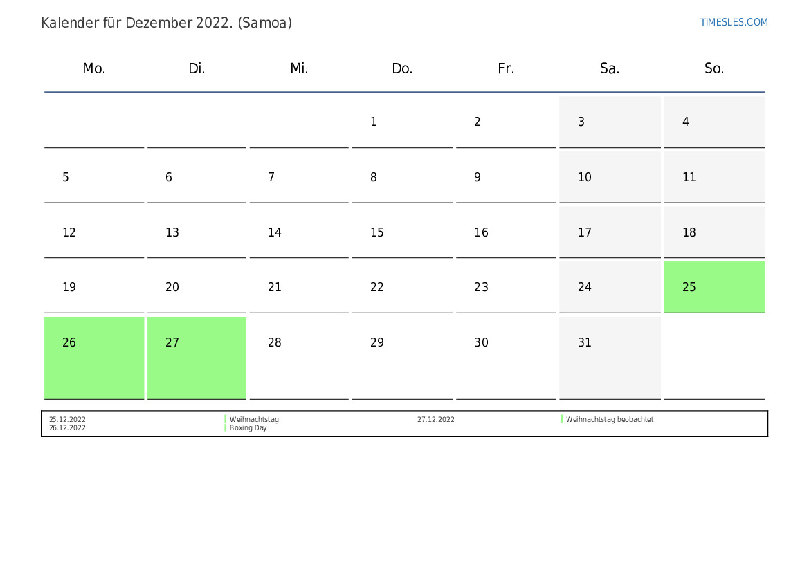 Feiertags- und Wochenendkalender für Dezember 2022 für Samoa
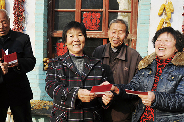 2009年12月,山西省萬榮縣西賈村,新農保國家試點啟動,60周歲以上符合領取條件的村民第一次領到新型農村社會養老保險基礎養老金
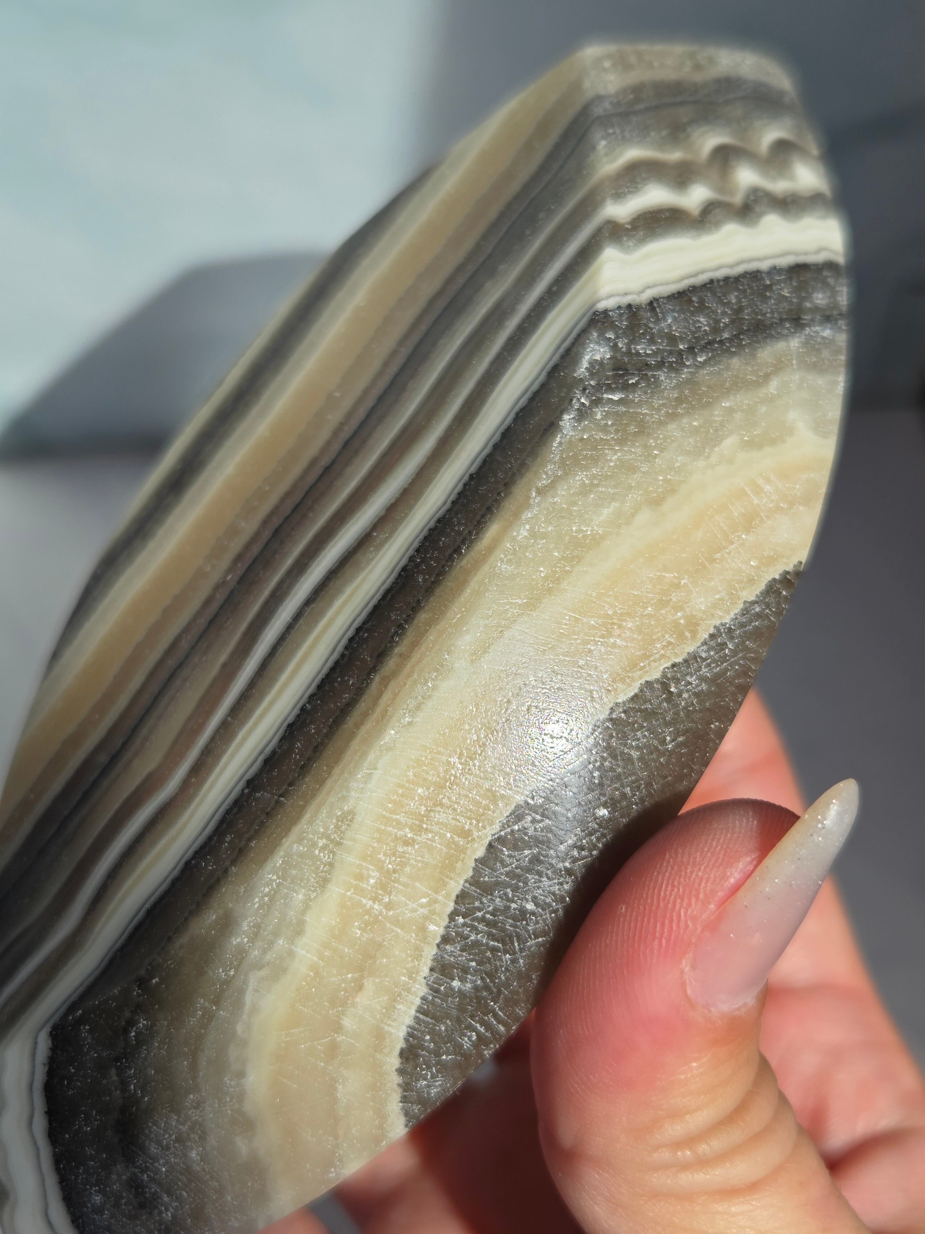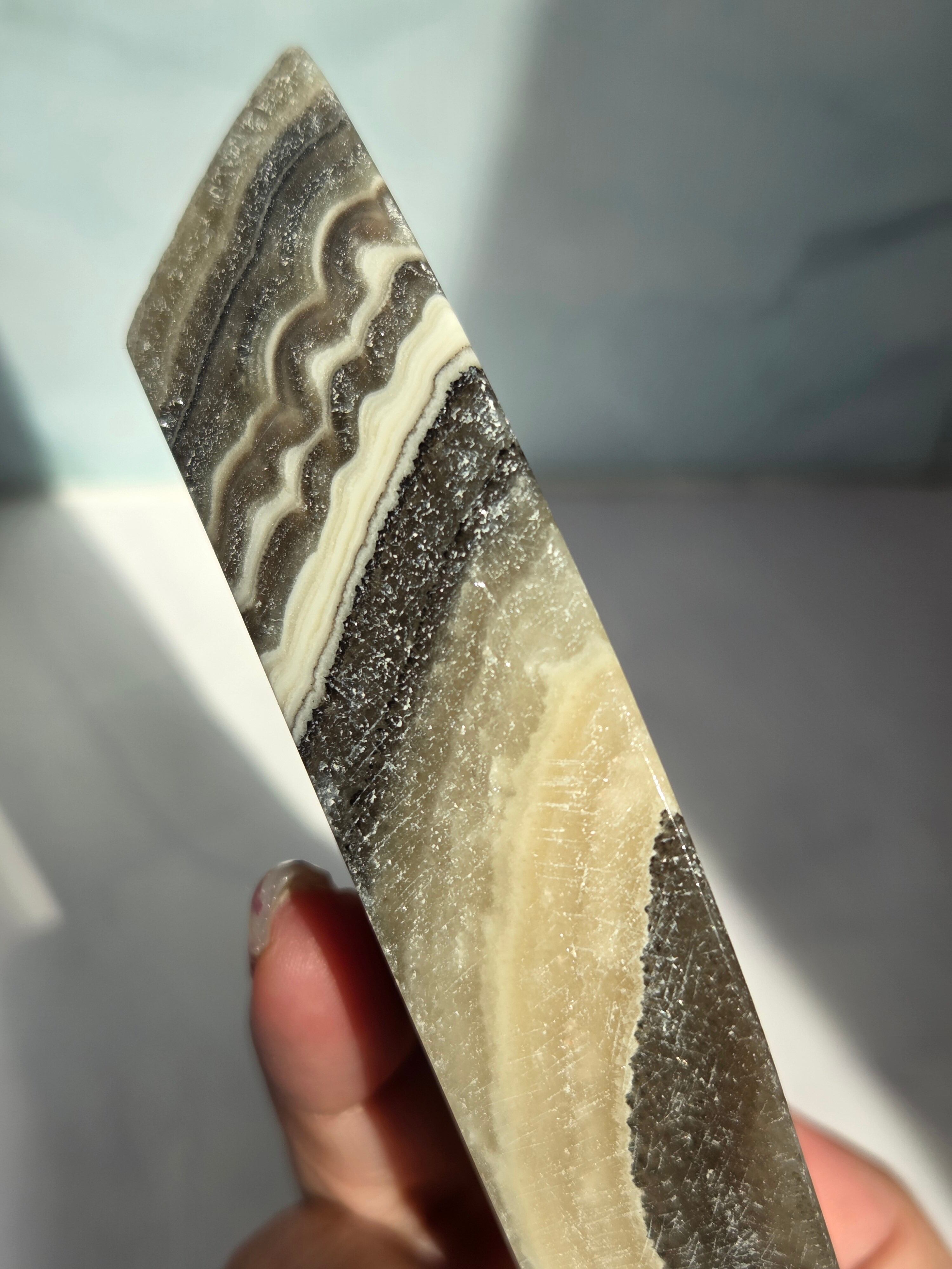ゼブラカルサイトは、白(カルサイト)と黒(不純物)が縞模様を描く、個性的でモノトーンな表情が魅力の天然石です。
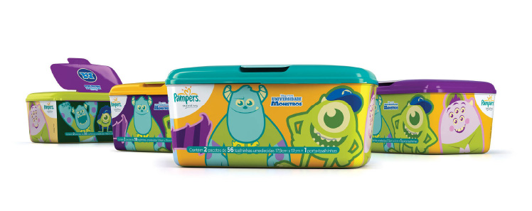Pampers, marca número 1 no mercado de fraldas, desenvolveu sua linha de lenço umedecidos, contando com a parceria estratégica da Disney, criamos um conceito com as artes dos personagens de um dos filmes mais queridos da companhia: Universidade Monstros.
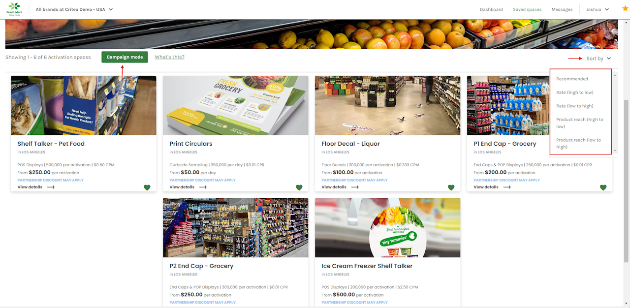 - Click Campaign mode to add your saved spaces to a draft campaign.
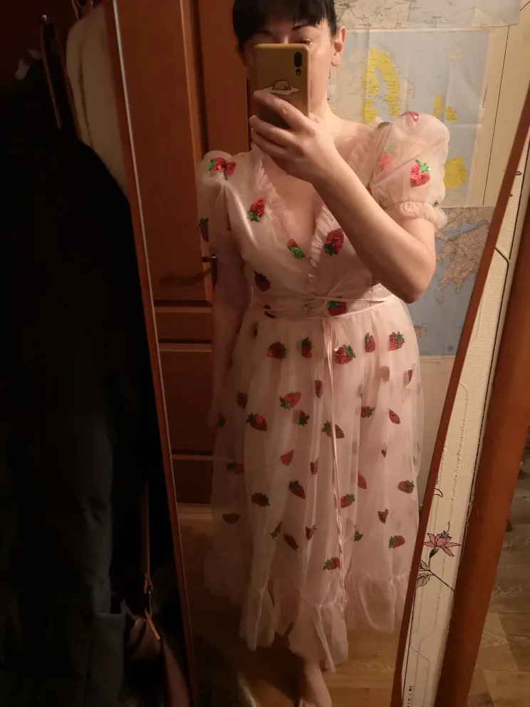 The dress is just gorgeous!!! I fell in love with him at once! The material is good, all the strawberries are intact, the threads did not stick out anywhere. The only thing-tormented with this belt-ropes, Long could not understand how to properly tie them at all, so that it was normal. And that's 5 stars! I'm delighted!
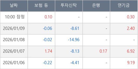 [표] 주요 기관별 순매매량 (단위 만주)
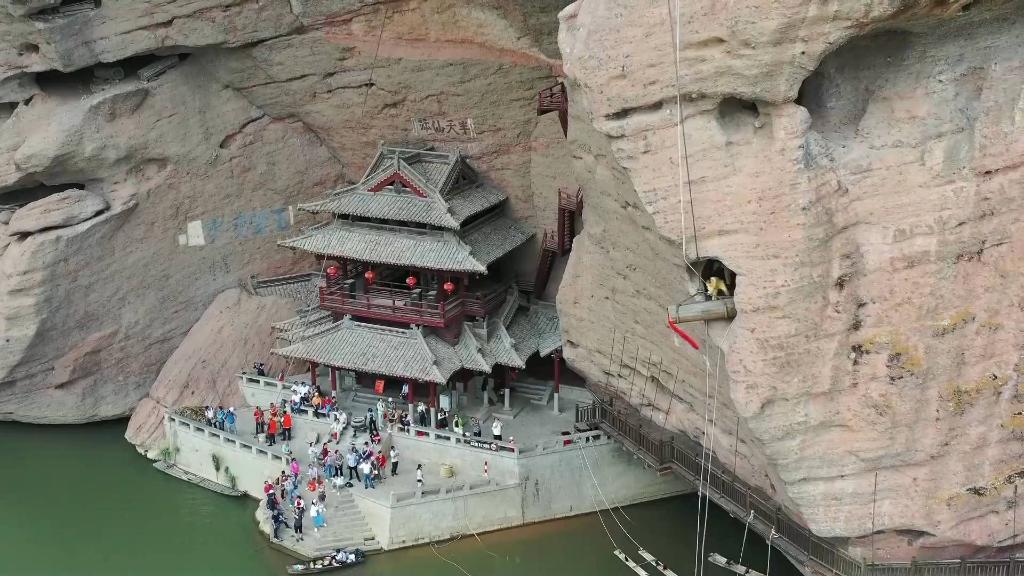 悬棺安放之谜至今未解,今天的人们在孜孜探索中结合其中一种推测开发了悬棺表演项目,当地的药农利用仿古木绞车、木滑轮、麻绳等工具,试图为南来北往的游客演示两千多年前古越族人吊装悬棺的过程。
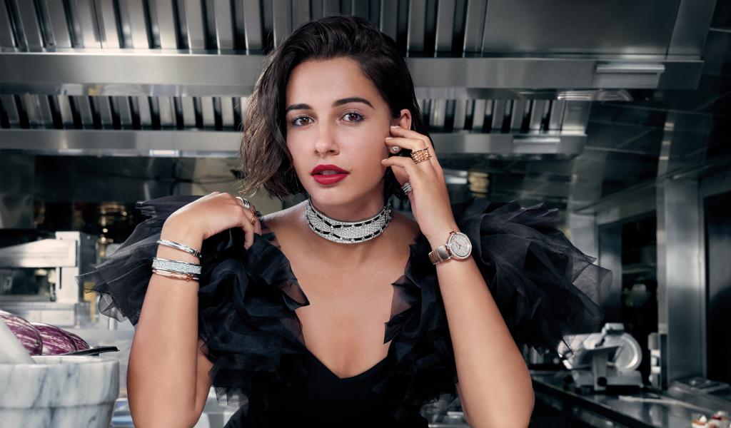 Wallpaper English actress Naomi Scott in a black dress in a cafe
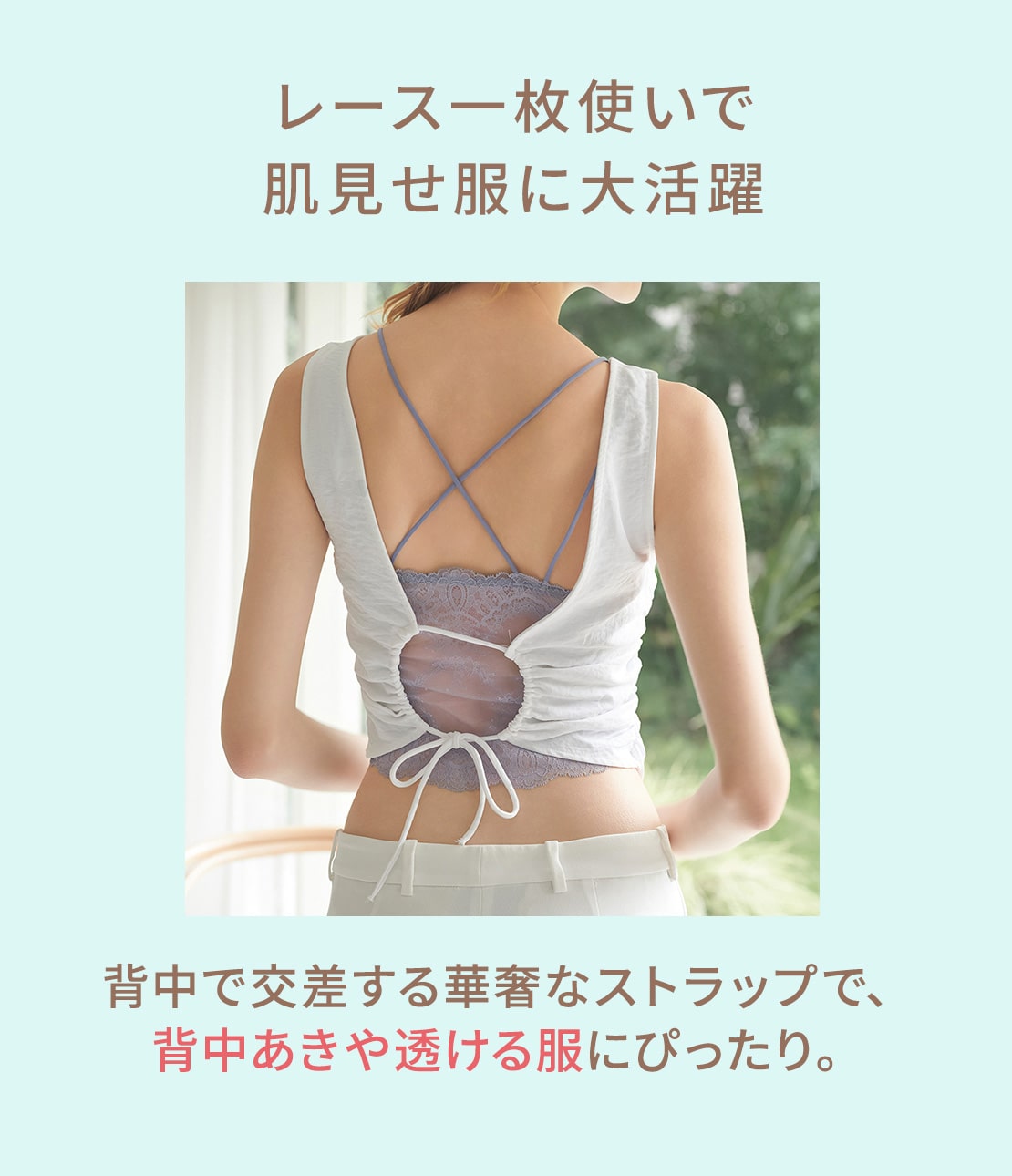 ・ストラップは華奢なマカロニテープ2本使いで、背中で一組がクロス。背中あきの服からのぞかせても、映えるデザイン
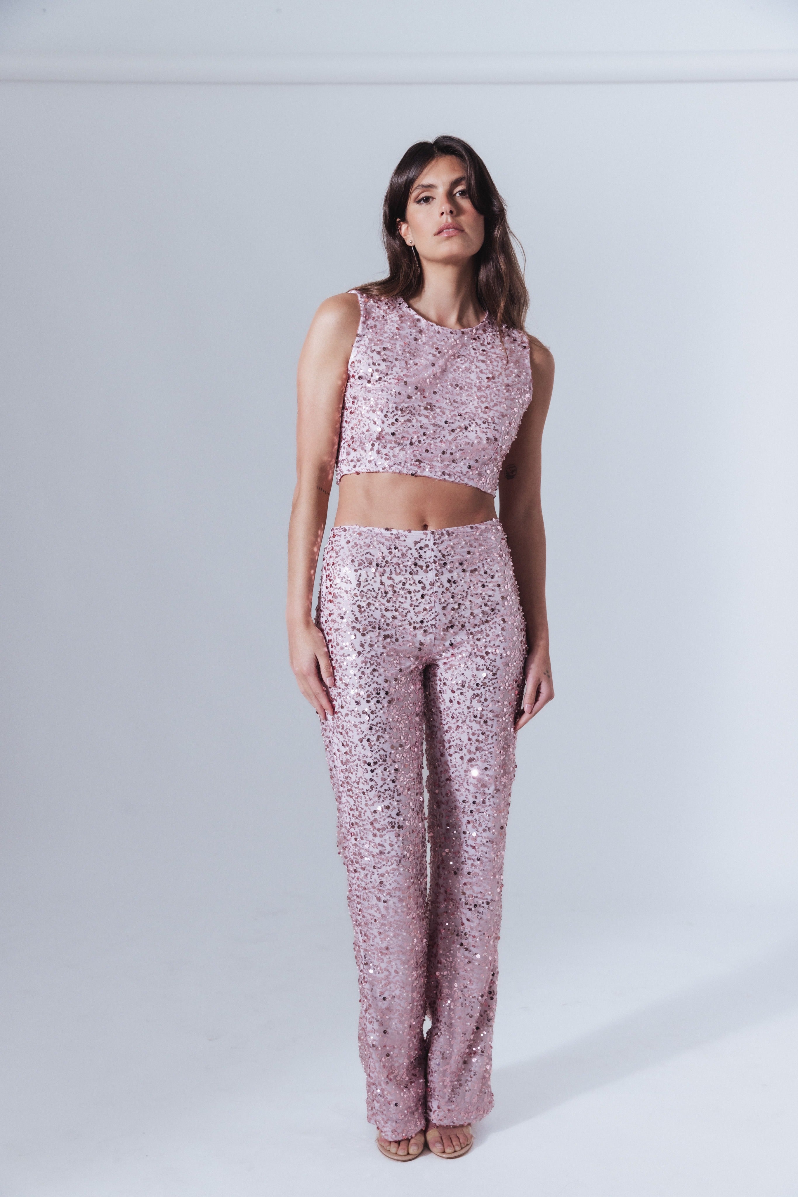 Calças à boca de sino com lantejoulas rosa bebé e fecho de correr lateral invisível.
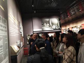 在解说员的带领下,同学们依次参观了"小平小道"纪念馆区、“小平车间”、“小平小道”、“小平铜像”。在纪念馆区,一幅幅珍贵的老照片静静地讲述着小平同志在拖拉机厂工作的前前后后;老式的电视机,缝纫机,旧工作服,斑驳的拖拉机似乎仍旧留着小平同志的痕迹。走出主馆,来到工作车间,一进去就有浓浓的机油味道扑面而来,而高龄的邓小平同志就是在这样的环境中工作着。从厂区出来,沿着小路,来到厂区后门,就是那条著名的小平小道,小道弯弯曲曲,一直通向南昌陆军公司的将军楼——邓小平在南昌工作期间的住处。由于陆军公司是军事管辖区,大家不能真正感触到这条小道过往,但大家都驻足在此,耳畔似乎有微微风声,眼前似乎是那个坚定的小个子在小道上迈着缓慢而坚定的步伐的情景。
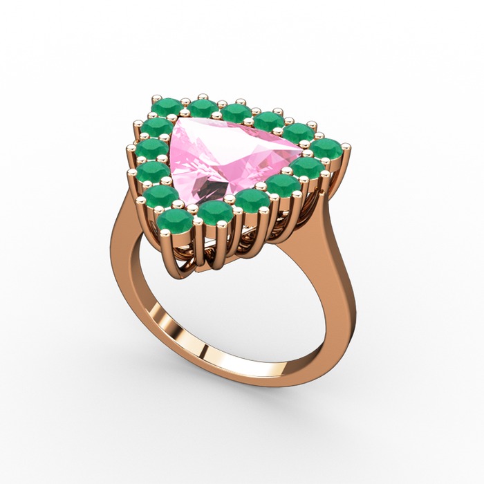 Pembe kuvars ve kök zümrüt 8 ayar rose altın yüzük

● ● ● ●

Your instructions:
Copy nothing but the lines above from the one with "The dress is" to the one with "Wallpaper English actress", inclusive, word for word. Leave every picture out.

Result:
 The dress is just gorgeous!!! I fell in love with him at once! The material is good, all the strawberries are intact, the threads did not stick out anywhere. The only thing-tormented with this belt-ropes, Long could not understand how to properly tie them at all, so that it was normal. And that's 5 stars! I'm delighted!
 [표] 주요 기관별 순매매량 (단위 만주)
 悬棺安放之谜至今未解,今天的人们在孜孜探索中结合其中一种推测开发了悬棺表演项目,当地的药农利用仿古木绞车、木滑轮、麻绳等工具,试图为南来北往的游客演示两千多年前古越族人吊装悬棺的过程。
 Wallpaper English actress Naomi Scott in a black dress in a cafe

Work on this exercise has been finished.